Peel Hunt has downgraded construction and support services group Interserve to 'reduce' from 'hold' and chopped its price target to 200p from 250p saying the new chief executive has lots to do and not much time to do it in.

Earlier this month, Interserve announced that Debbie White will replace Adrian Ringrose as CEO with effect from 1 September.

The brokerage said the challenges facing the new CEO are significant, but with her support services/finance background, there must be a temptation to radically refocus the group.

Peel said "surgery" is required to strengthen the balance sheet and position the company for higher quality earnings growth, but it added that given the continuing risks from waste to energy and the growing debt burden, the window for proactive change is limited.

"In our view, the valuation support provided by Equipment Services is not compelling enough to offset the risks (many beyond management’s control)."

Peel Hunt highlighted the group's debt issues, noting the market cap is £334m and FY2017 peak net debt is expected to be £485m.

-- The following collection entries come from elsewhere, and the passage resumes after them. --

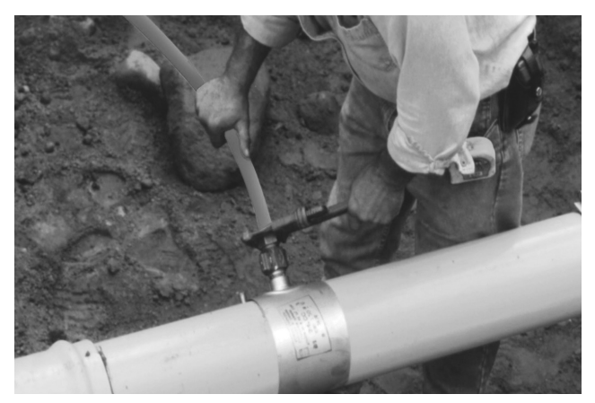
Fig. 10: Angle MUNICIPEX reclaim pipe 10 to 20° above horizontal at connection to main

At the connection between MUNICIPEX reclaim pipe and the reclaimed water main, MUNICIPEX reclaim pipe should leave the main at a 10 to 20° angle above the horizontal, to prevent stress on the connection. This will result in a 'gooseneck' in the pipe that should be at least 4 ft (1.2 m) long. It is not required to use the higher 45° gooseneck common with copper service line.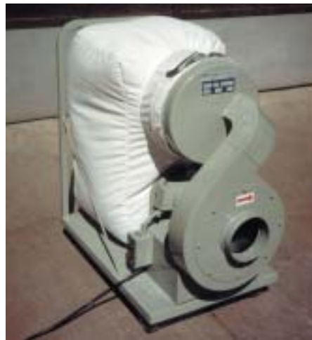
KTM S 1

KTM "S" Type Portable Dust Collectors with 1 or 2 stations: Ideal for Wood, Plastics, Paper, Chemicals, Foodstuff, Metals, Leather and more.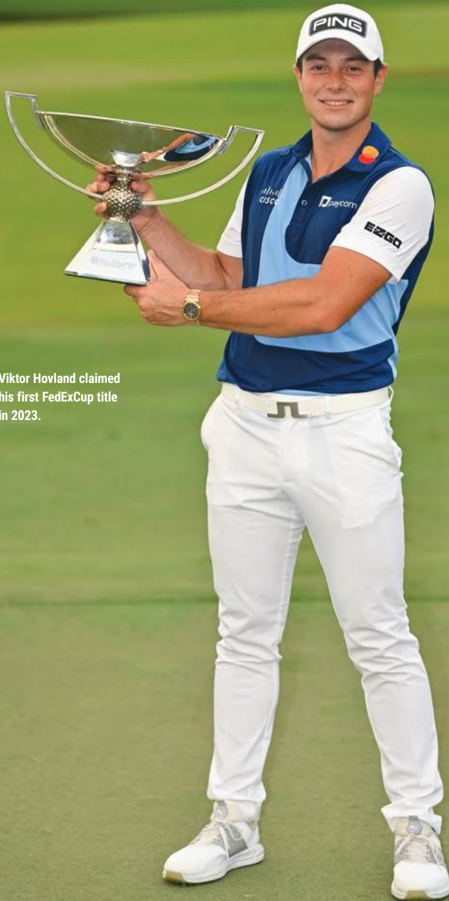
Viktor Hovland claimed his first FedExCup title in 2023.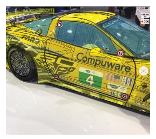
Availability of complex 3D data and Augmented Reality in all working environments, allows for quality assurance processes, wherever and whenever.

QR (Quick Response) code scanning also speeds up the process. The operator can open the 3D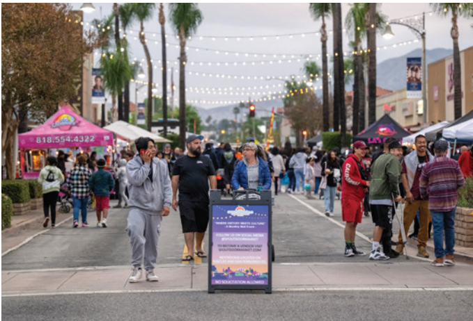
THE SAN FERNANDO OUTDOOR MARKET

With the completion of the new 165,000-square-foot American Fruits and Flavors headquarters building, the City attracted over 300 new jobs to the area.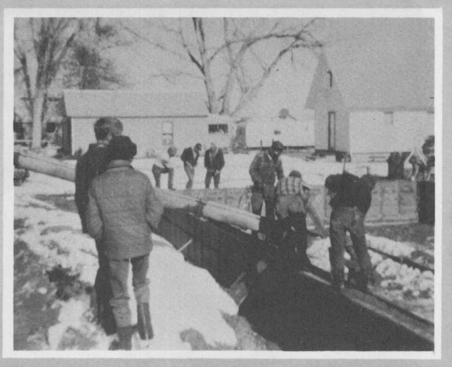
Working on new church in Hudson, Wyoming

THE APOSTOLIC FAITH REPORT P. O. Box 658 Baxter Springs, Kansas 66713 Address Correction Requested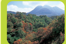
The view of Mt Mimata from Chojabaru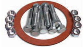
NUT/BOLT/GASKET KITS FIGURE NBG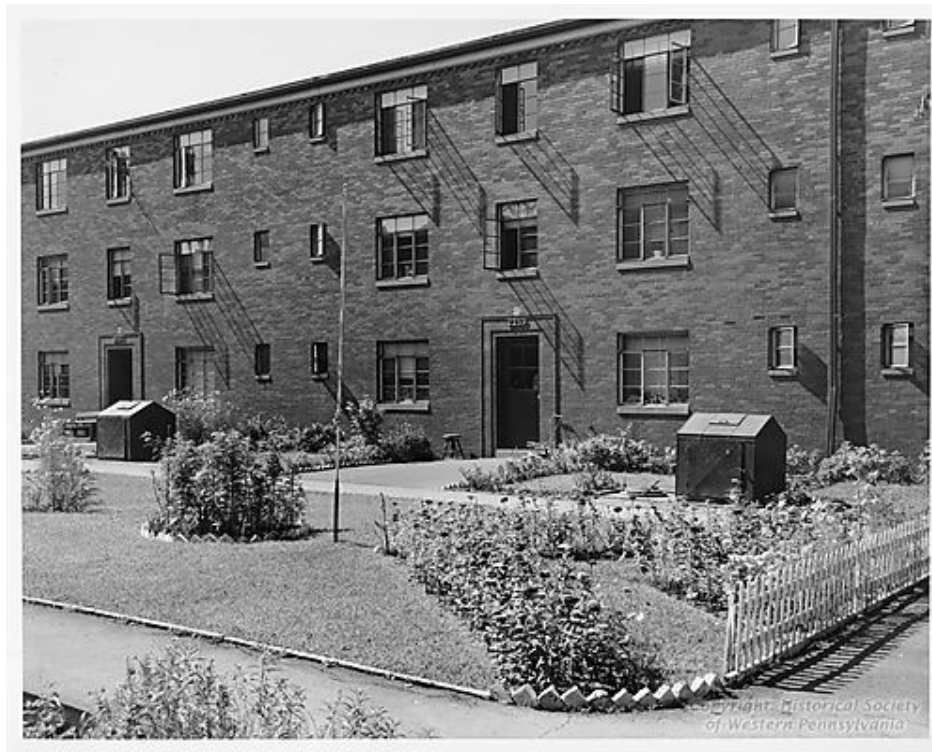
Bedford Dwellings (ca. 1951-1959), Pittsburgh, PA

leaves urban centers vacant. The UN Special Rapporteur on the Human Right to Adequate Housing has repeatedly condemned the “‘egregious’ business practices of giant private equity and investment firms which are scooping up low income and affordable homes around the world, ... substantially raising rents, forcing tenants out of their own homes.” 14 Likewise, on the local level, researchers provide extensive documentation of the tendency for powerful actors and institutions to favor growth-oriented policies that maximize returns on investment, with no concern for the human and social impacts. 15 Pittsburgh’s decades-long trajectory of declining population has reduced the city’s overall tax base, and private interests promising to kick-start growth have thus been able to wield undue influence on policy priorities.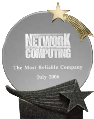
9" TR 5573 Black Stone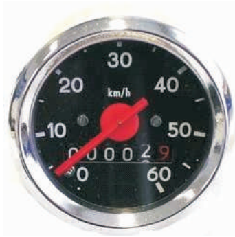
48mm (0-60) KTM Pony, Hobby For puch MS, Vs, MV, DS, Maxi ktm hobby, Pony 1 - PART NO. ZHMS-1715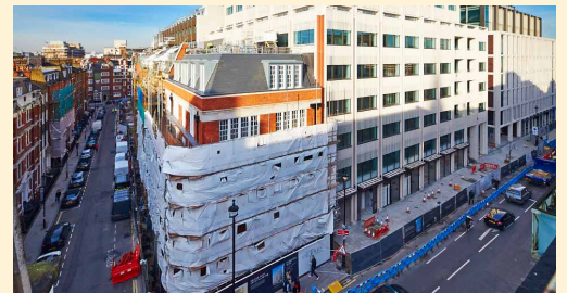
Mortimer St Nassau St junction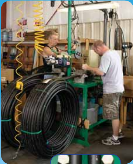
Centennial Bullet™ U-Bend fittings are fused to the Cenfuse pipe prior to shipping.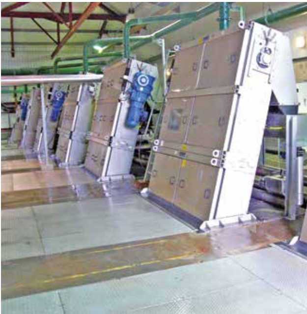
Universally applicable HUBER RakeMax® screen for big channel widths and big discharge heights.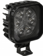
Part Number 1300611 24V LED Auxiliary Light with Trapezoid Beam Pattern

In addition, it said the principal earnings/balance sheet risk still rests with the energy from waste contracts, namely Glasgow and Derby. Peel argued that the £160m provision relies on certain recoveries and assumes the process technologies will work.

"We believe that it could be at least 12-18 months before any real clarity can be provided on the provision, but our experience would suggest that there is still a risk of material increases."

In February, Interserve said the cost of exiting its troubled energy from waste projects had risen from £70m to £160m.